Does content of informed consent forms make surgeons vulnerable to lawsuits?
Original Article
Perihan Elif Ekmekci, Müberra Devrim Güner, layda Nurelif Toman, Gülce Karaca, Berkem Karakoyunlu, Rabia Çatal, Merve Erdem, Emre Ömeroğlu
Asian Journal of Surgery,19 October 2019
Open Access
Summary
Background
Written informed consent forms (ICFs) are important for ensuring that physicians disclose core information to patients to help them autonomously decide about treatment and for providing substantial evidence for the surgeon in case of a legal dispute. This paper aims to assess the legal and ethical appropriateness and sufficiency of the contents of ICFs designed for several elective surgical procedures currently in use in Turkish hospitals.
Methods
One hundred and twenty-six forms were randomly selected and were analyzed for 22 criteria. The results were compared using the Fisher’ exact test, and 95% confidence intervals were calculated.
Results
More than 80% of ICFs contained information about the risks of the proposed treatment, the diagnosis of the patient, and the patient’s voluntariness/willingness, as well as a designated space for the signatures of the patient and the physician and a description of the proposed treatment. Some ICFs were designed for obtaining blanket consent for using patients’ specimens.
Conclusions
The ICFs for general elective surgery contain many deficiencies regarding disclosure of information, and there is significant variation among primary healthcare providers.
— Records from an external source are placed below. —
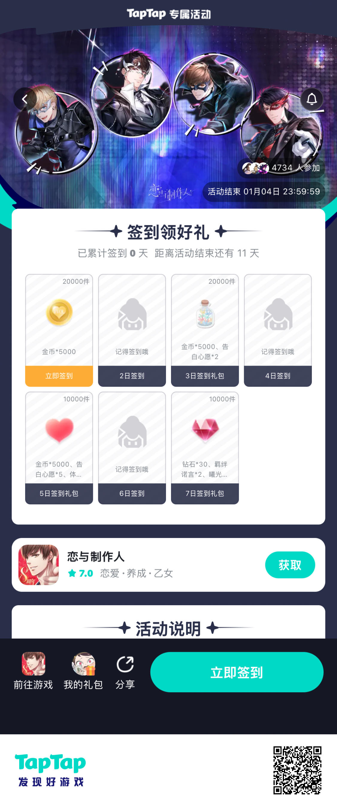 恋与制作人-《恋与制作人》双旦版本签到活动https://www.taptap.cn/events/game-sign/yqwqwnfp?share_id=db56568be201&utm_medium=share&utm_source=copylink
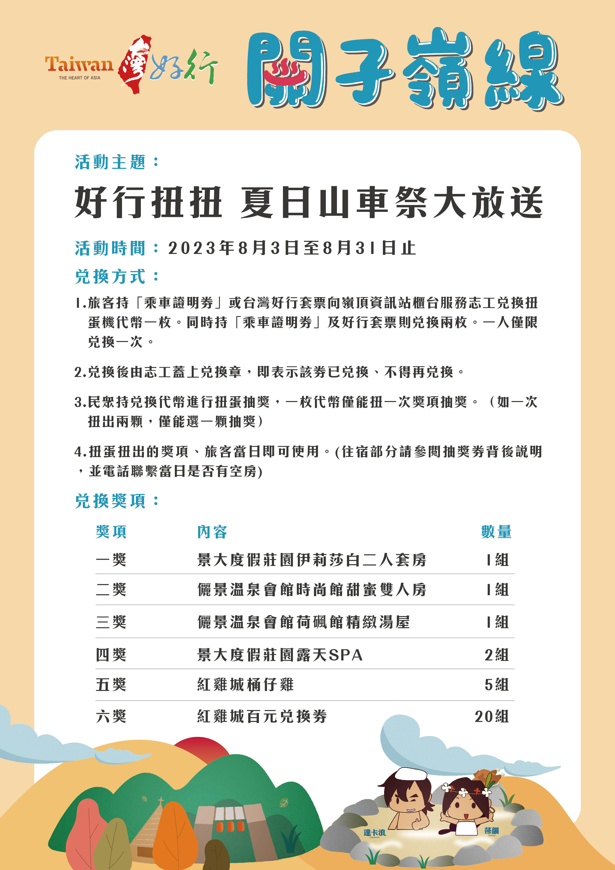 旅客搭乘「台灣好行-關子嶺線」,公車上領取「乘車證明券」或持「台灣好行套票」即可至嶺頂資訊站櫃檯兌換扭蛋機代幣1枚,同時持「乘車證明券」及「台灣好行套票」則兌換2枚。
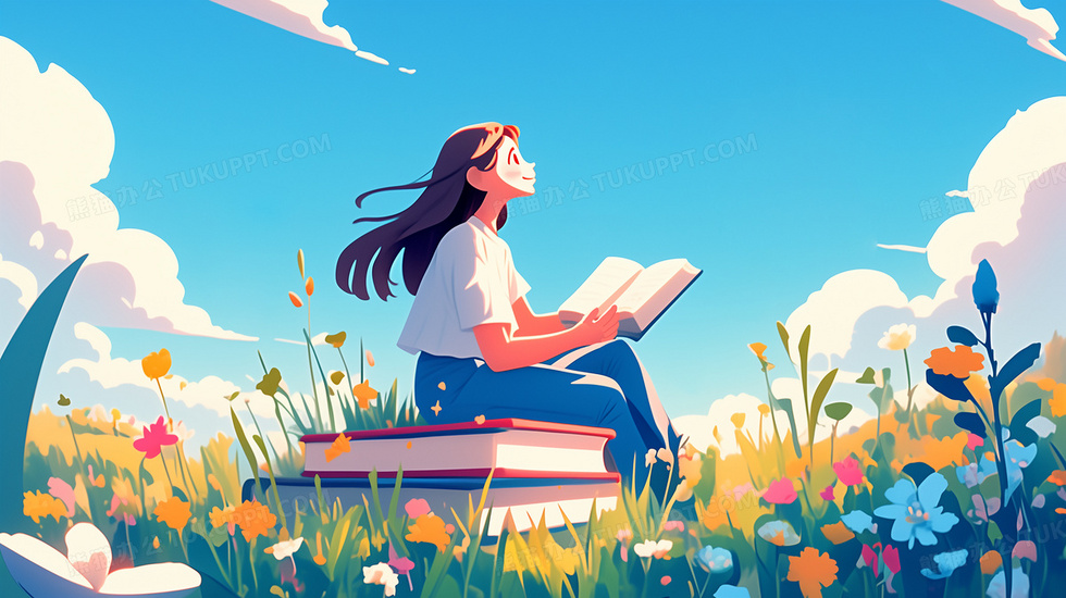 本作品内容为女孩坐在书本上看书创意教育插画, 格式为 jpg, 大小6 MB, 图片尺寸为2912 x 1632, 源文件无水印, 欢迎使用熊猫办公。 如认为平台内容涉嫌侵权,可通过邮件:tousu@tukuppt.com提出书面通知,我们将及时处理。
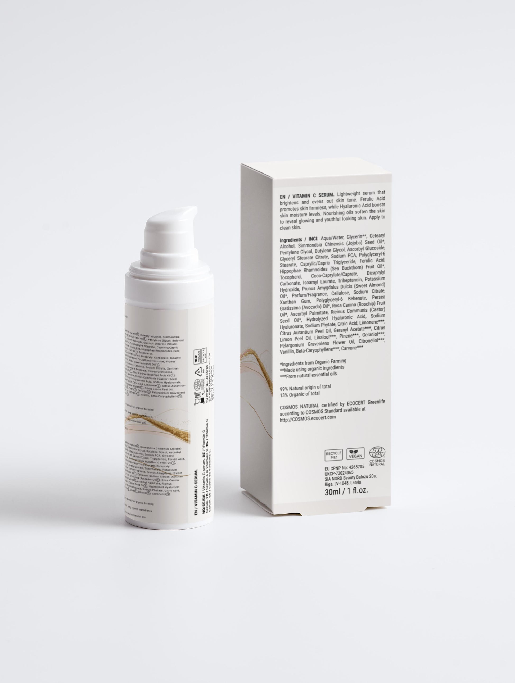 2% Natural Vitamin C (Ascorbyl Glucoside), 1% Ferulic Acid, 1% Ses-Buckthorn Oil, Vitamin E, Jojoba Seed Oil, Almond Oil, Avocado Oil, Rosehip Seed Oil, Sodium PCA, Hyaluronic Acid.
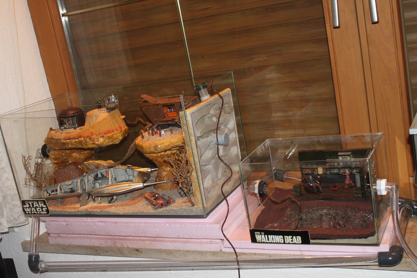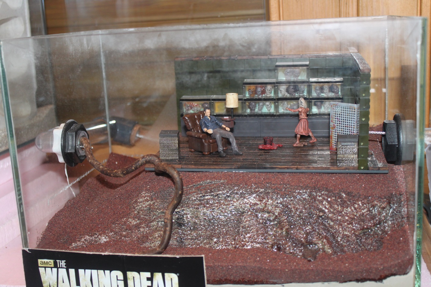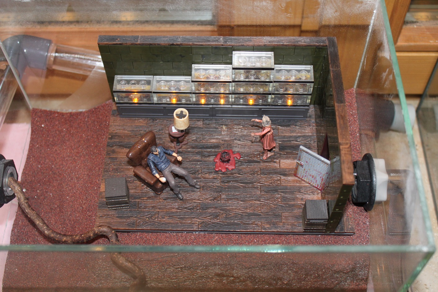 Dieses Terrarium ist mit einer ca 1,50m langen Rohr/Schlauch-Verbindung zum zweiten Walking Dead Arena (30x20x20) verbunden. Hier erwartet die Tiere der Raum des Governor's.

Unrealistic expectations regarding the surgery or the post-operative recovery period due to insufficient information disclosure may lead patients, who experience post-surgical inconveniences, to file lawsuits against their surgeons. Although all ICFs, regardless of their institution, are generally insufficient for defending hospital administrations or surgeons during a lawsuit, ICFs of private hospitals might be considered better equipped for the situation than those of state or university hospitals. However, further research is needed to show if private hospitals have lower lawsuit rates or better lawsuit outcomes than state or university hospitals in Turkey.